Hierarchical Fuzzy Clustering with a Galois LatticeNicola J Richmond1
|1GlaxoSmithKline, Medicines Research Centre, Gunnels Wood Road, Stevenage, Hertfordshire, SG1 2NY|
|A Galois lattice is a formal ontology derived from a collection of objects and their attributes. A node of the lattice corresponds to a subset of the objects sharing the same subset of the attributes and two nodes are connected if the object set of one node is a subset of the object set of the other node. This approach to structuring data has been widely used in a number of information related fields such as data mining, text mining, machine learning and knowledge management and more recently in the area of market basket analysis, where retailers seek to understand the purchasing behaviour of their customers to aid with store design and sales promotions amongst others. As an example, given a data set of consumers (object) and their transactions (attributes), a retailer can learn, via the lattice, that shampoo and conditioner are frequently bought together, so placing both products on promotion at the same time would not necessarily have a positive impact on profit.|
The use of Galois lattices also extends to bioinformatics but the use of these lattices in the field of chemoinformatics has been limited to the identification of privileged fragments. Here we describe an algorithm where the lattice itself, as opposed to the association rules it generates, is exploited to provide a hierarchical, fuzzy clustering that has a number of applications in chemoinformatics.

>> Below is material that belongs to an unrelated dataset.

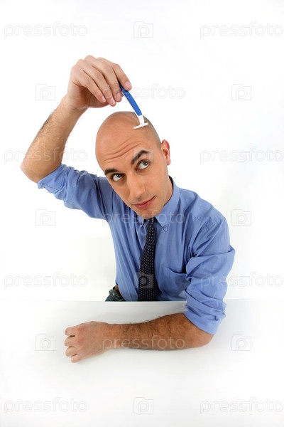 Человек бреет голову

In our scenario, the objects of our data set correspond to molecules and the attributes correspond to the set of all possible fragments of these molecules. A node in the Galois lattice of this data then corresponds to a set of molecules sharing a set of common fragments. The bottom of the lattice contains single molecules and all their possible fragments and each node along an upward path contains a bigger superset of molecules, clustered together on smaller subsets of common fragments.
In general, Galois lattices can become large enough that the problem of mining the data becomes one of mining the lattice. To reduce the size and complexity of the lattice, we can stipulate a lower bound on the generated fragment atom count, thus reducing the number of lattice nodes and, at the same time, providing more chemically meaningful clusters. A further reduction in nodes can also be achieved by applying a minimum bound of the number of shared attributes.
There are two applications we focus on, one is the generation of a hierarchical clustering that can be visually inspected and interrogated within Cytoscape, the other is the automated R-group analysis of a SAR data set. We compare the application of Galois lattices to these problems with existing methodologies.
Typically, the computational chemist will manually fragment a SAR data set using a series of substructures searches. This process can be time consuming due to the number of repeats often required to achieve the desired fragmentation. This lattice based approach provides an automated fragmentation and hierarchy, and by incorporating experimental activity data, a lattice node can be assigned an average activity. Thus when walking up the lattice, the addition of a molecule and the subsequent loss of fragments can modify the average activity of the lattice node. These changes are easily identified and can provide valuable insight to the medicinal chemist.